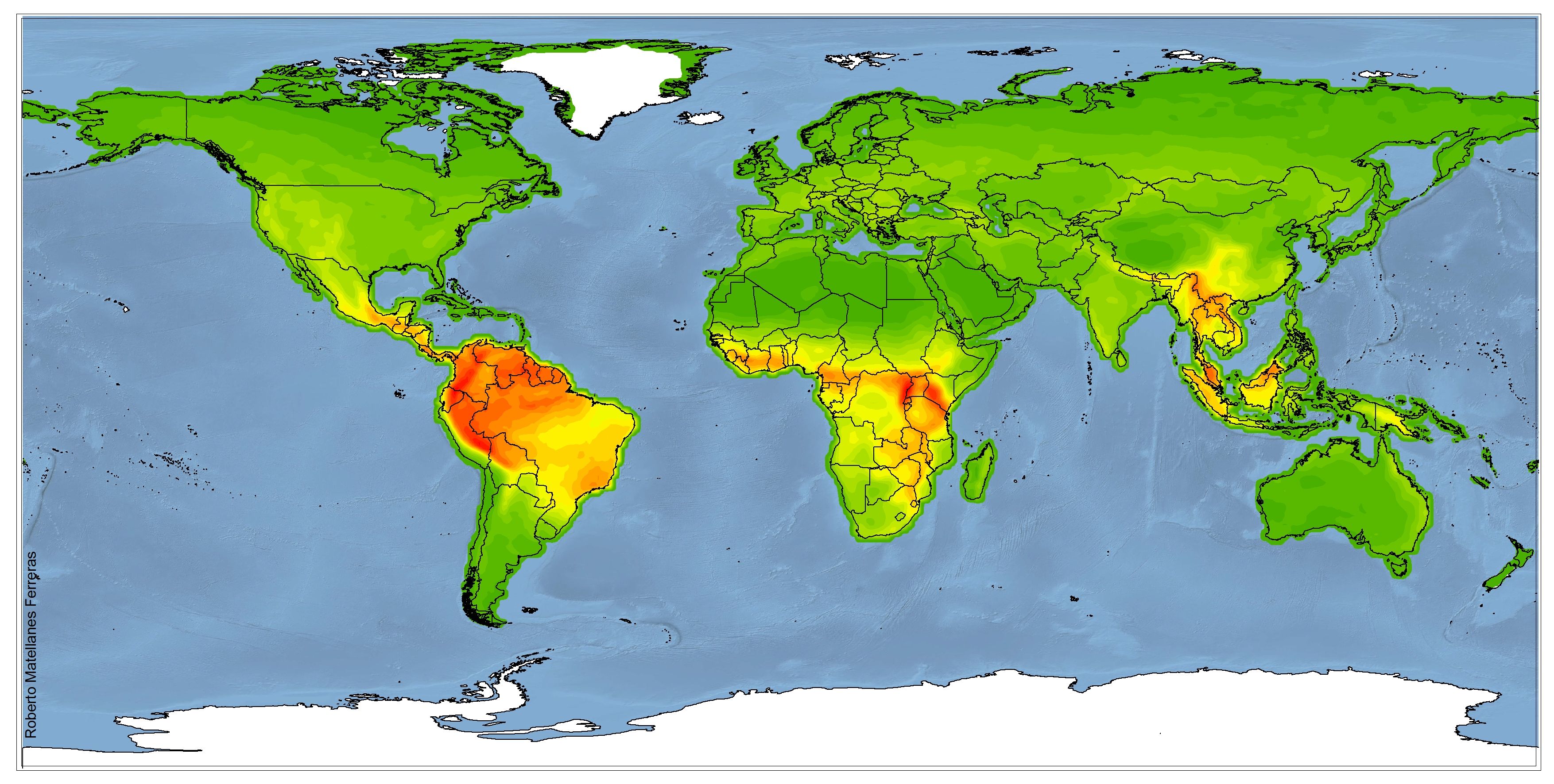 Veinte años más tarde, este tipo de distribución me hace pensar, bajo una lógica aplastante, que donde más especies existan más probabilidad de pérdida de biodiversidad predominará. Siguiendo líneas de trabajo como las de Williams, P. H., Gaston, K. J. y Humphries, C. J., se me ha pasado por la cabeza destripar la distribución de 16.000 especies incluidas en la Lista Roja de la UICN a nivel mundial con el fin de evaluar la forma en la que se distribuyen y los lugares donde mayor amenaza mundial existe. ¿Cuales serán los puntos geográficos con mayor amenaza de especies a nivel mundial?
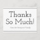 This sleek thank-you postcard design features the message "Thanks So Much!" on the front, along with a personalized message on the back. It could be used to offer thanks to somebody who has attended a wedding, a funeral, or some other event.
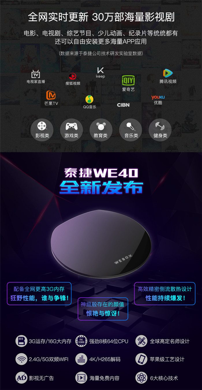 【金测评】泰捷WE40电视盒子评测:拒绝120秒广告播放【金测评】看电视我不想办会员不想看广告——泰捷盒子可以“解”【金测评】泰捷电视盒子WE30PRO体验,性能强大,安装自由【金测评】泰捷方盒WE30C:看电视久违的清爽
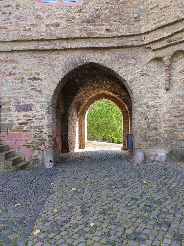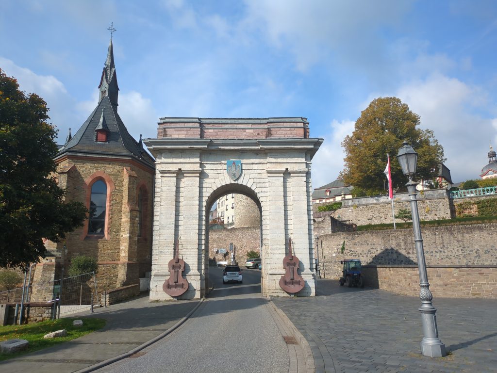 Dieses Tor führt in die Innenstadt von Weilburg. Interessant ist das Kirchlein daneben. Das war in seiner Wechselvollen Geschichte
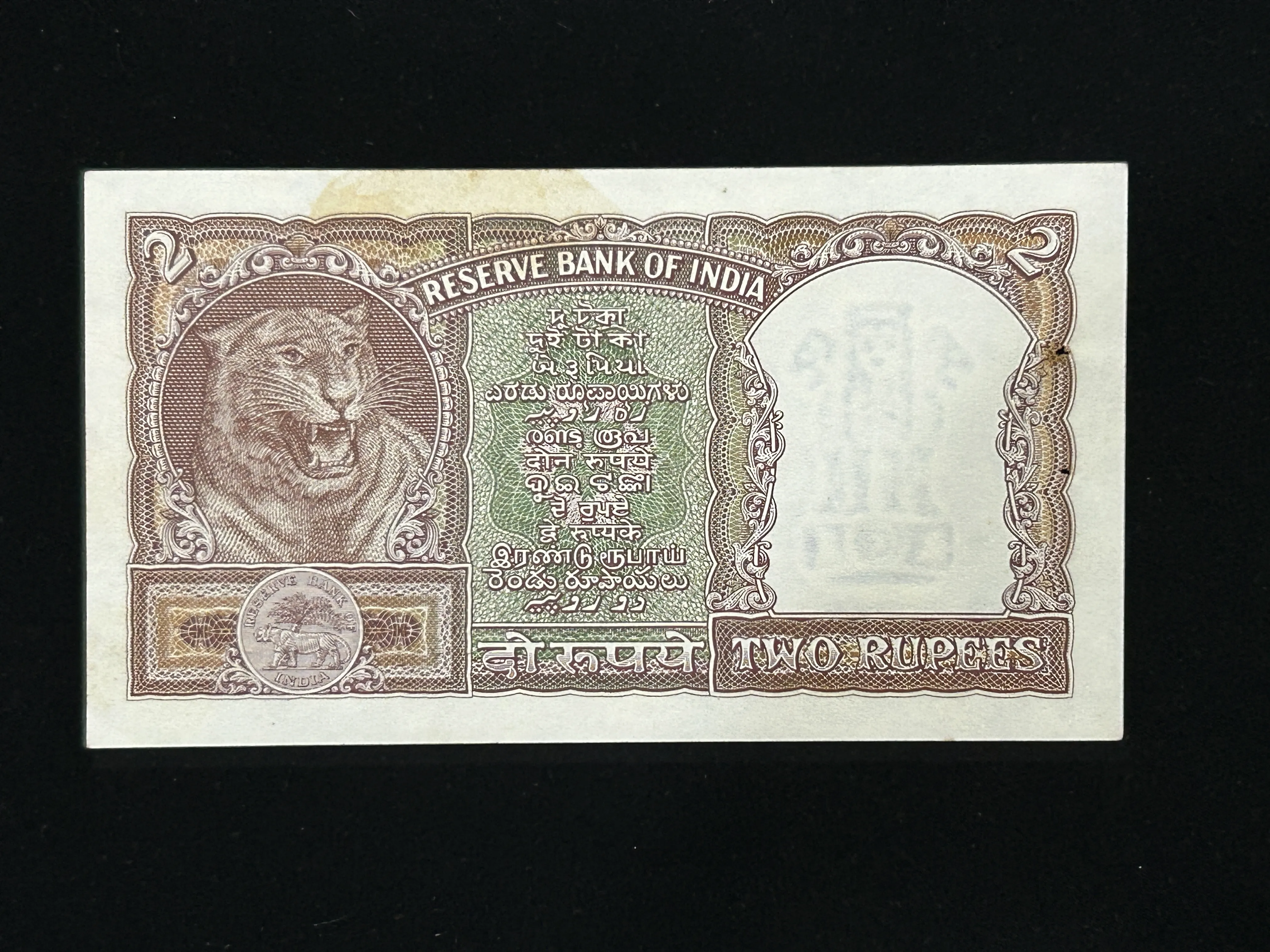 India, Rupees 2 Banknotes, Half Tiger (Brown) Issue, Sign. P.C. Bhattacharya, UNC, (B54 350870)
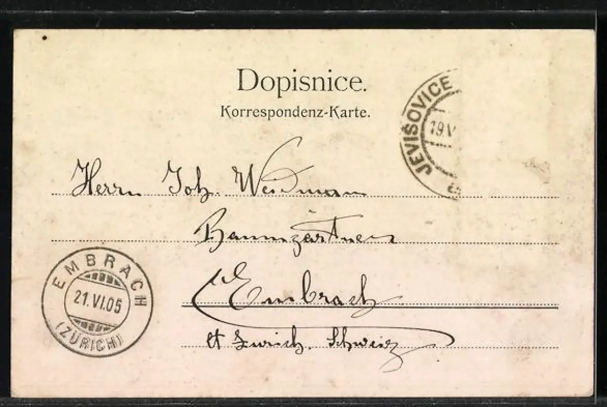 alte Ansichtskarte, gelaufen 1905, Briefmarke entfernt, rückseitig Oberflächenschaden, guter Zustand

☆ ☆ ☆

The whole listing must be transcribed exactly. No pictures belong in the copy.

> **FINAL ANSWER**:
 Veinte años más tarde, este tipo de distribución me hace pensar, bajo una lógica aplastante, que donde más especies existan más probabilidad de pérdida de biodiversidad predominará. Siguiendo líneas de trabajo como las de Williams, P. H., Gaston, K. J. y Humphries, C. J., se me ha pasado por la cabeza destripar la distribución de 16.000 especies incluidas en la Lista Roja de la UICN a nivel mundial con el fin de evaluar la forma en la que se distribuyen y los lugares donde mayor amenaza mundial existe. ¿Cuales serán los puntos geográficos con mayor amenaza de especies a nivel mundial?
 This sleek thank-you postcard design features the message "Thanks So Much!" on the front, along with a personalized message on the back. It could be used to offer thanks to somebody who has attended a wedding, a funeral, or some other event.
 【金测评】泰捷WE40电视盒子评测:拒绝120秒广告播放【金测评】看电视我不想办会员不想看广告——泰捷盒子可以“解”【金测评】泰捷电视盒子WE30PRO体验,性能强大,安装自由【金测评】泰捷方盒WE30C:看电视久违的清爽
 Dieses Tor führt in die Innenstadt von Weilburg. Interessant ist das Kirchlein daneben. Das war in seiner Wechselvollen Geschichte
 India, Rupees 2 Banknotes, Half Tiger (Brown) Issue, Sign. P.C. Bhattacharya, UNC, (B54 350870)
 alte Ansichtskarte, gelaufen 1905, Briefmarke entfernt, rückseitig Oberflächenschaden, guter Zustand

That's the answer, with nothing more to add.